● What to work on
Starting with the line that has "Montaż pionowy w komorze suchej" and finishing with the line that has "Fragmentos de cédula", set down each line below exactly. Pictures are not copied.

== Information ==

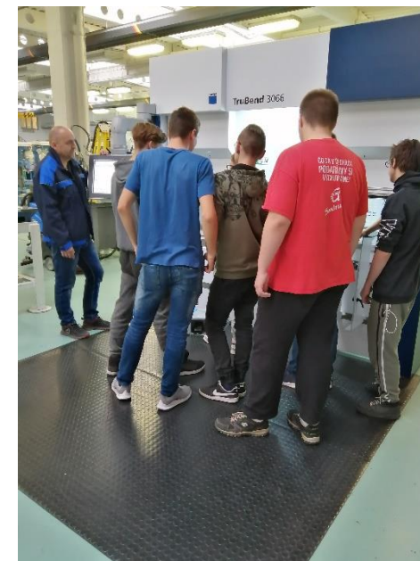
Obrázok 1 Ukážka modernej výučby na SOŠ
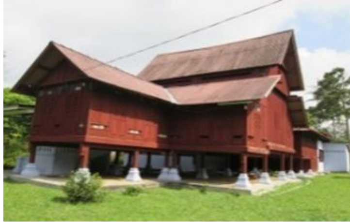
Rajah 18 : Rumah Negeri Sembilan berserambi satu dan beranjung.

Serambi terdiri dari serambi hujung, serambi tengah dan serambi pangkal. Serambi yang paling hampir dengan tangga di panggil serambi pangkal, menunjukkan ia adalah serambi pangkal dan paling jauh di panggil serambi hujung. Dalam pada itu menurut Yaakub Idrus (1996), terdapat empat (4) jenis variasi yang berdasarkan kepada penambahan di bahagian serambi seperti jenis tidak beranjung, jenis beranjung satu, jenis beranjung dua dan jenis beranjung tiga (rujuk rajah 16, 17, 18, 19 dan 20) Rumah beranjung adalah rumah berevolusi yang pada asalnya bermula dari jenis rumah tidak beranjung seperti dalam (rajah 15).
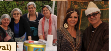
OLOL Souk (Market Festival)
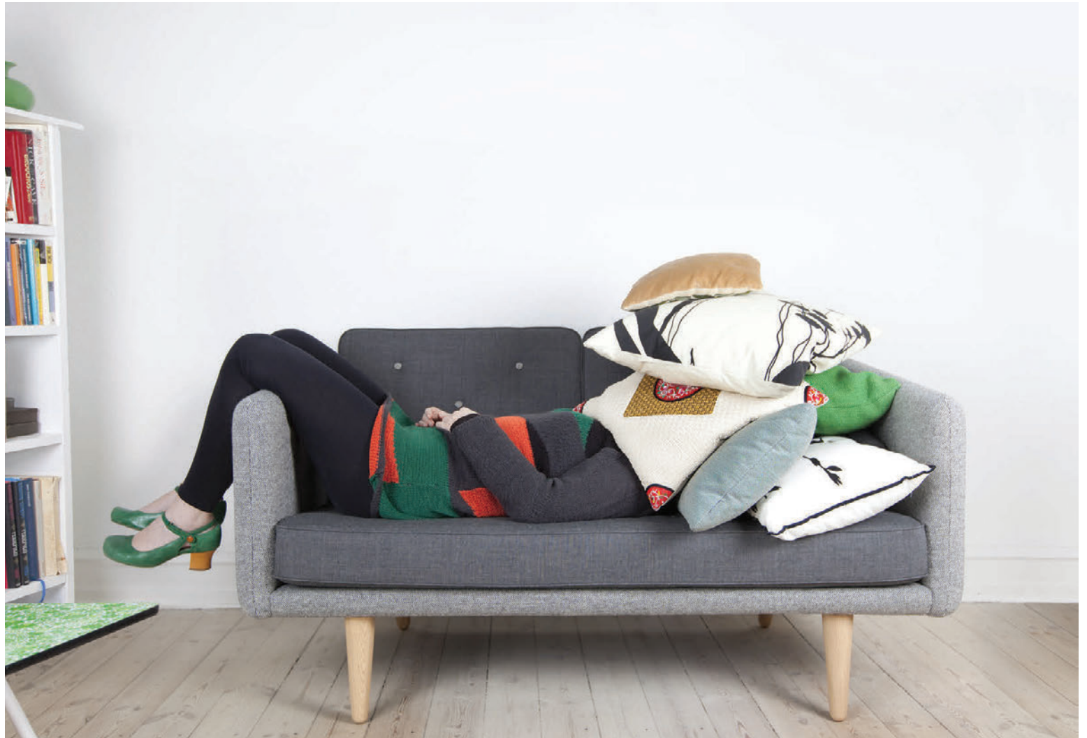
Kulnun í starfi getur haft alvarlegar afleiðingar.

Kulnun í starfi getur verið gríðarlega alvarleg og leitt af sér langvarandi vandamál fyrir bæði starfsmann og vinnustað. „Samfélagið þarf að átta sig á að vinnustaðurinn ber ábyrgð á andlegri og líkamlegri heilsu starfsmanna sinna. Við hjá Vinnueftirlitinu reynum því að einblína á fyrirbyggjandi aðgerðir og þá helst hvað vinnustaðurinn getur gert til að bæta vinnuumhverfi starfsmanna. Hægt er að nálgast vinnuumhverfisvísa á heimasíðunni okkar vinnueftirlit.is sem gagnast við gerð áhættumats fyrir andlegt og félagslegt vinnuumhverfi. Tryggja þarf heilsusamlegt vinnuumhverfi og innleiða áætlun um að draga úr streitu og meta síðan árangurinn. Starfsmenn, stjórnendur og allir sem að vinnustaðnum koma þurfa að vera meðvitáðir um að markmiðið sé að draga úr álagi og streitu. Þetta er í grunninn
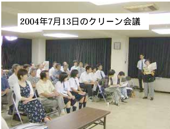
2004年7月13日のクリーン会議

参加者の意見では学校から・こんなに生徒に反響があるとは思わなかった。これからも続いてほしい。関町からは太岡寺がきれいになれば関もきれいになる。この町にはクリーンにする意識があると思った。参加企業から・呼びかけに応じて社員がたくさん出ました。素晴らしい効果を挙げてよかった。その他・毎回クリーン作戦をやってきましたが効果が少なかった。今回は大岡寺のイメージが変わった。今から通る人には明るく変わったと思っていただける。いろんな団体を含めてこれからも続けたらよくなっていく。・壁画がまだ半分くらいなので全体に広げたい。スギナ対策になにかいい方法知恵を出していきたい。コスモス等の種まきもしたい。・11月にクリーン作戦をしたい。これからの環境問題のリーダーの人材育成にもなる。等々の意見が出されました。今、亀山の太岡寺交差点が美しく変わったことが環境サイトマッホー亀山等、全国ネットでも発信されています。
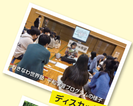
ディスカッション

===
== Information ==

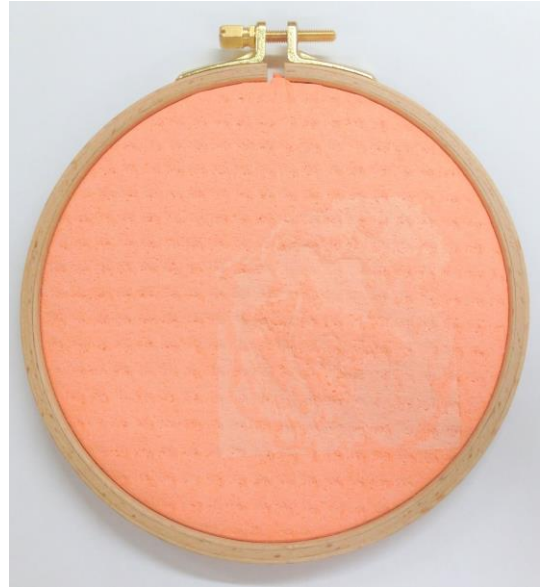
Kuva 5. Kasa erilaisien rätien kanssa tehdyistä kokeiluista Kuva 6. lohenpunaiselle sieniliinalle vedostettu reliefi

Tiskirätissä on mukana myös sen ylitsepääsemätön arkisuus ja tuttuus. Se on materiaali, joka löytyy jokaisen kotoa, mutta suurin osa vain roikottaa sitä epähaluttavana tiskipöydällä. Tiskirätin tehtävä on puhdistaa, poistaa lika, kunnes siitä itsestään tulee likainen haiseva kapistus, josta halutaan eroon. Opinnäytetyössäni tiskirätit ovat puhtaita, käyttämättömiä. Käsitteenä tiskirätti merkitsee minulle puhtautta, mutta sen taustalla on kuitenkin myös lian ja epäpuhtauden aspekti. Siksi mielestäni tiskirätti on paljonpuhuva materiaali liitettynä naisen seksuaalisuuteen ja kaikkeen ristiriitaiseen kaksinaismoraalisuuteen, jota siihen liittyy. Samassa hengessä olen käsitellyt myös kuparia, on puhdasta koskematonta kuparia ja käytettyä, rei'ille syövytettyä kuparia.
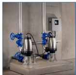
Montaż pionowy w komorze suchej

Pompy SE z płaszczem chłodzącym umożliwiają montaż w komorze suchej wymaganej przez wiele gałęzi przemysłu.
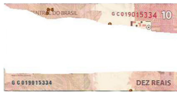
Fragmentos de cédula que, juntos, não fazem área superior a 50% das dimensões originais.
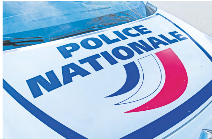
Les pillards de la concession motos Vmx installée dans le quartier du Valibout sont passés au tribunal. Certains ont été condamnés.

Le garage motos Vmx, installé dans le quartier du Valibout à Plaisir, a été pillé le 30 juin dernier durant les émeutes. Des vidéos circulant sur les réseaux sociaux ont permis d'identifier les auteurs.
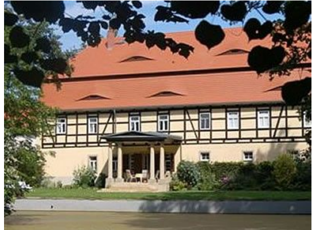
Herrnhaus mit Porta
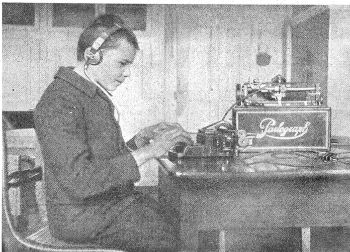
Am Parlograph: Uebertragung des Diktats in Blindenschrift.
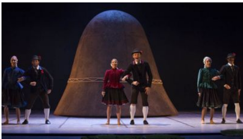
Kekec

===
== Information ==

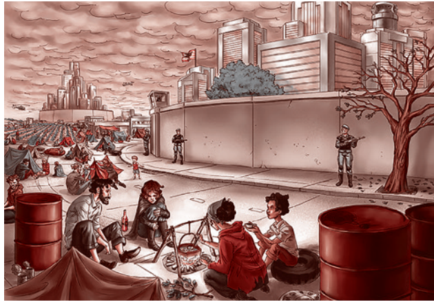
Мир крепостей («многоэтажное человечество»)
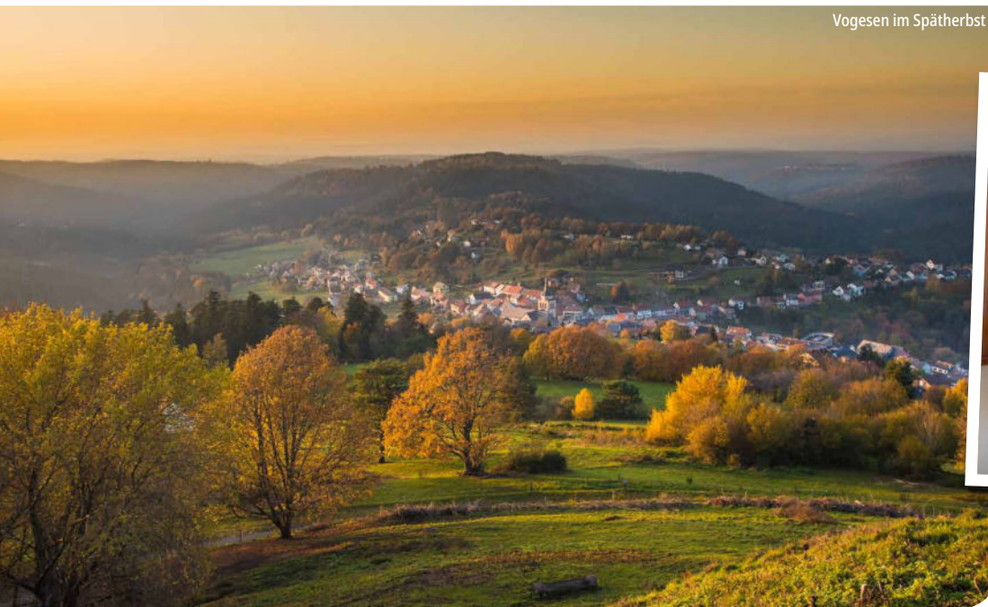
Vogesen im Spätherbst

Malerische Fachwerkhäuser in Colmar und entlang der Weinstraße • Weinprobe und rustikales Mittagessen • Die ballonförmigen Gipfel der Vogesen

===

● Result
Montaż pionowy w komorze suchej

Pompy SE z płaszczem chłodzącym umożliwiają montaż w komorze suchej wymaganej przez wiele gałęzi przemysłu.
Fragmentos de cédula que, juntos, não fazem área superior a 50% das dimensões originais.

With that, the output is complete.